Em qui, 27 de ago de 2020 10:37, M.-A. Lemburg <m...@egenix.com> escreveu:

> On 27.08.2020 15:17, Alex Hall wrote:
> > On Thu, Aug 27, 2020 at 3:09 PM M.-A. Lemburg <m...@egenix.com> wrote:
> >
> >> I disagree on the above assessment. I have had such a get() builtin
> >> in mxTools for more than 20 years now and found that I hardly ever
> >> used it:
> >>
> >>
> https://www.egenix.com/products/python/mxBase/mxTools/doc/#_Toc293606201
> >>
> >> The reason is simple: unlike for dicts, where you often expect
> >> non-existing items (e.g. in keyword arguments, config files, etc.),
> >> having a missing index position in a list which you parse is
> >> almost always an error.
> >>
> >> Now, errors should be clearly marked and handled as such, hence
> >> having a try-except is the better coding strategy.
> >>
> >> For those cases, where a list can have a variable
> >> number of entries (e.g. optional arguments, file lists, etc.),
> >> code should clearly branch on list length and then determine the
> >> right strategy to fetch items.
> >
> >
> > I'm copying my earlier post because apparently linking to it repeatedly
> has
> > no effect and people keep on claiming that this method wouldn't be useful
> > while not saying a word about the evidence I presented that it would be.
> >
> > dict.get is definitely much more useful.

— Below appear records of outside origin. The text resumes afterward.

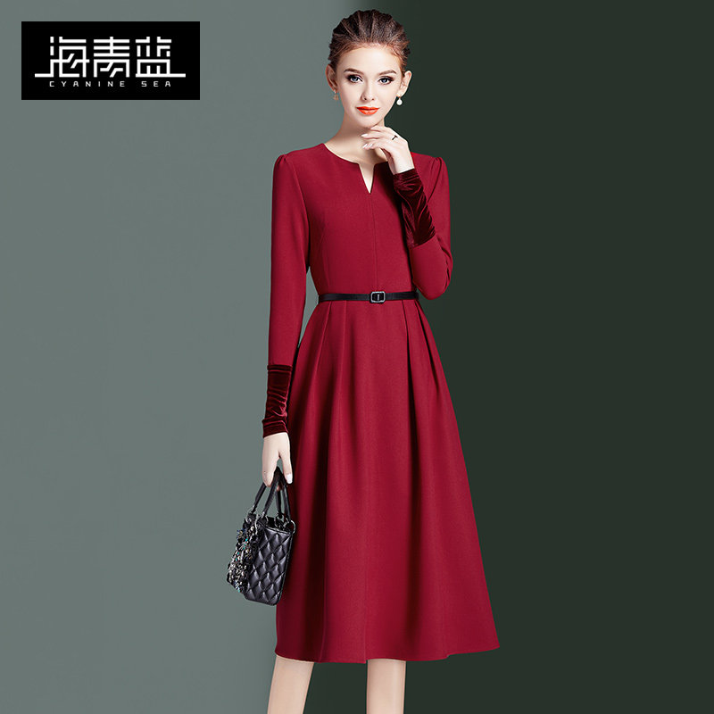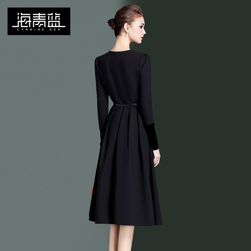 Haiqing Blue Herben Wind Dress Spring 2022 New Woman Black Temperament Cashew a large swing dress 52416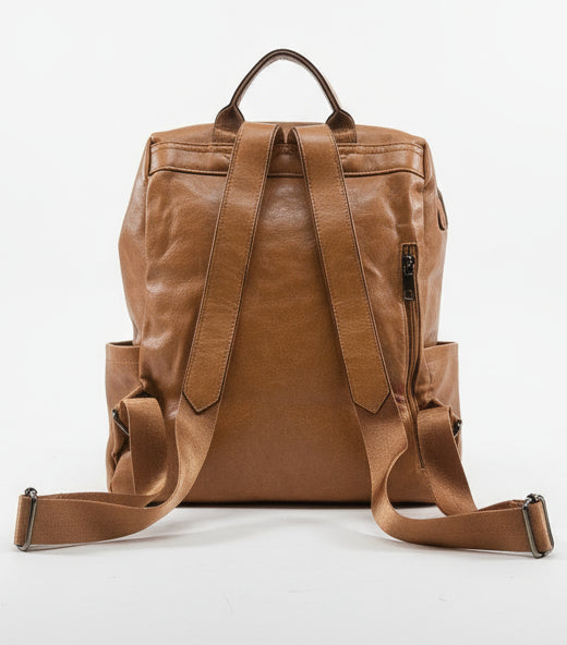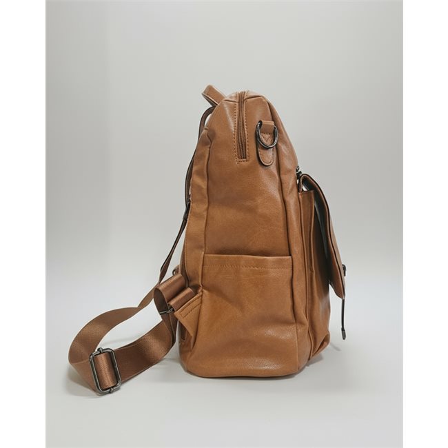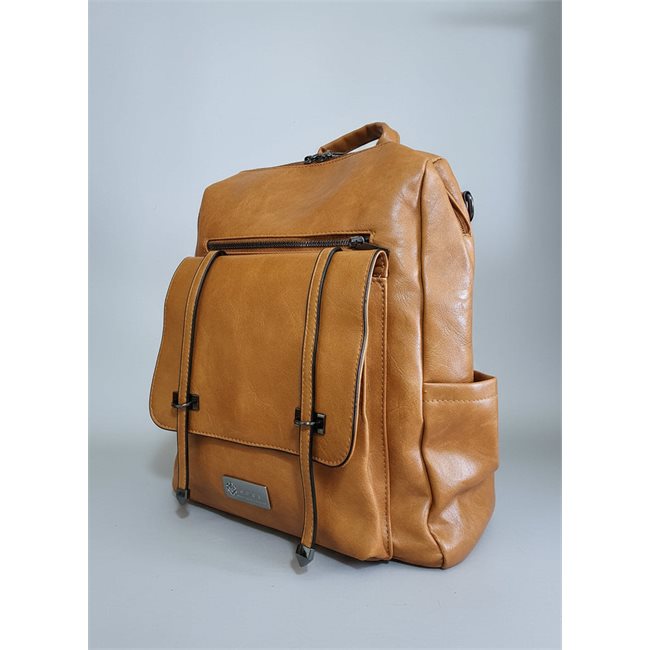 Οι εξωτερικές τσέπες προσφέρουν εύκολη πρόσβαση στα απαραίτητα, ενώ η μπροστινή τσέπη με καπάκι και διακοσμητικά λουράκια με ασημί λεπτομέρειες προσθέτει στυλ και πρακτικότητα.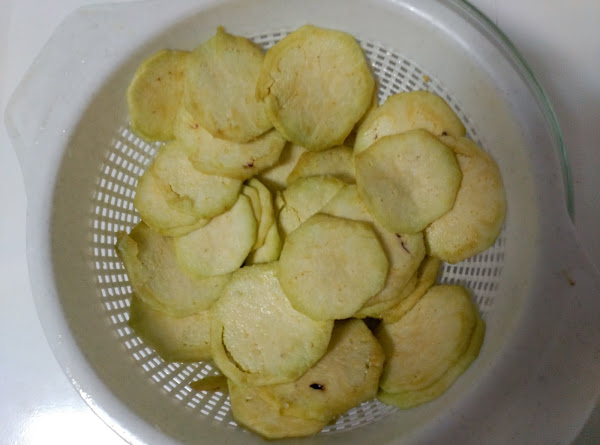 Lavar y cortar la berenjena en finas lonchas, cuanto más finas las cortes, menos aceite absorberá.

But list.get is still useful
> > reasonably often.
> >
> > You can see quite a bit of demand for the method here:
> >
> https://stackoverflow.com/questions/5125619/why-doesnt-list-have-safe-get-method-like-dictionary
> >
> > Below are some use cases I found and how they could be refactored with
> > .get. Apart from the first one, they were all found simply by grepping
> for
> > `except IndexError`. It's pretty easy to pick obvious use cases out from
> > there. In some cases readability suffers a bit and using .get might not
> be
> > the best idea, but I've included them anyway so that we can see what
> > over-eager usage of the method might look like.
>
> If I'm not mistaken, all those listed cases fall under the second case
> I mentioned (branching on length).
>
> If your API allows for optional list entries, then it's better to
> branch on length (e.g. as in the pytest case). If this happens only in
> exceptional cases, use try-except (most other cases you listed).
>
> Both coding styles make the intent clear without doubt.
>
> As mentioned before, I had access to such a builtin for many years,
> but hardly ever chose to use it and instead opted for the more explicit
> branching on length.
>
> IMO, being able to write something with fewer key strokes is not
> always a good idea. Unless you write code only for yourself, it's
> usually better to emphasize on intent rather than brevity.
>
In this case is pretty obvious the intent and this is an know abstraction.
Avoid brevity will not make it cleaner. IMHO, explicitng index bounds and
try/catch are distracting noise which hides intent instead.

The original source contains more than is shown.